Dysregulation of an immune cell appears to underpin specific symptoms in patients with long Covid, researchers have said.

Tests on blood samples from 142 patients with long Covid who had been hospitalised and were then attending outpatient clinics showed patterns of malfunctioning of monocyte cells that was particularly linked to breathless and fatigue.

Writing in the European Respiratory Journal, the researchers from Manchester University said the abnormal features of circulating monocytes they found when compared with healthy volunteers could have ‘profound implications’ for the understanding of long Covid.

And the findings may provide novel opportunities for therapeutic targeting in Covid-19 patients with persistent symptoms, they concluded.

Their analysis showed that in long Covid, there was abnormal migration of monocytes that corresponded to shortness of breath in this group of patients.

Long Covid patients with ongoing breathlessness and abnormal chest X-ray tended to have high monocyte expression of a specific chemokine receptor as well as preferential migration of the cells towards the corresponding target in the lung.

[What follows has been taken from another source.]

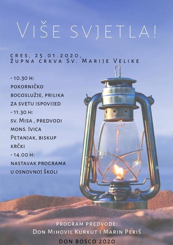 U subotu 25. siječnja u župi Cres održan je tradicionalni susret o spomendanu don Ivana Bosca. Ovaj se susret već preko pedest godina organizira u župi Cres, a ove je godine okupio više od stotinjak mladih sa kvarnerskih otoka Krčke biskupije.
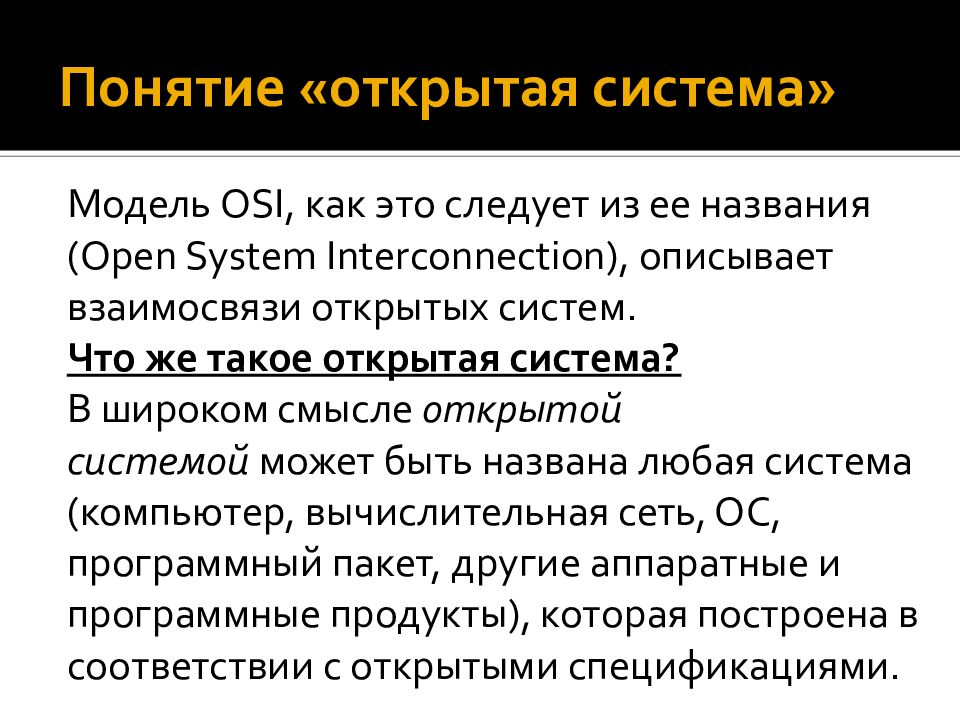 Модель OSI, как это следует из ее названия ( Open System Interconnection ), описывает взаимосвязи открытых систем. Что же такое открытая система? В широком смысле открытой системой может быть названа любая система (компьютер, вычислительная сеть, ОС, программный пакет, другие аппаратные и программные продукты), которая построена в соответствии с открытыми спецификациями.

A different migration pattern and expression profile of monocytes was seen in patients reporting fatigue.

The same dysregulation was not seen in those recovering from RSV or flu, the researchers said.

Dr Elizabeth Mann, study lead and researcher at the University of Manchester, said: ‘There is now a wealth of evidence indicating that chronic morbidity persists in many Covid-19 patients during convalescence manifesting as long Covid which remains a global public health problem despite vaccination programmes and milder strains of SARS-CoV-2.

‘These debilitating symptoms including extreme fatigue, shortness of breath, myalgia, brain fog, depression, fibrotic lung disease and pulmonary vascular disease and we now know this can last for many months or even years following infection.

But she added treatment options for long Covid were currently limited and the development of targeted therapeutics needed an in-depth understanding of the underlying immunological pathophysiology.

Dr Mann said: ‘Our work finding a link between monocyte function and specific long Covid symptoms may provide an important first step on the road to possible treatments.’

Dr Emily Fraser, consultant in respiratory medicine at Oxford University Hospitals NHS Foundation Trust, said it was important to note this was research done in a specific group of patients.

She added: ‘This is a post-hospitalised group of patients who would have had pneumonia and many probably have abnormal imaging subsequently related from Covid pneumonia lung damage.

‘Although they may have long Covid symptoms, most people with long Covid who were not hospitalised have no evidence of ever having had pneumonia and have normal lung imaging.’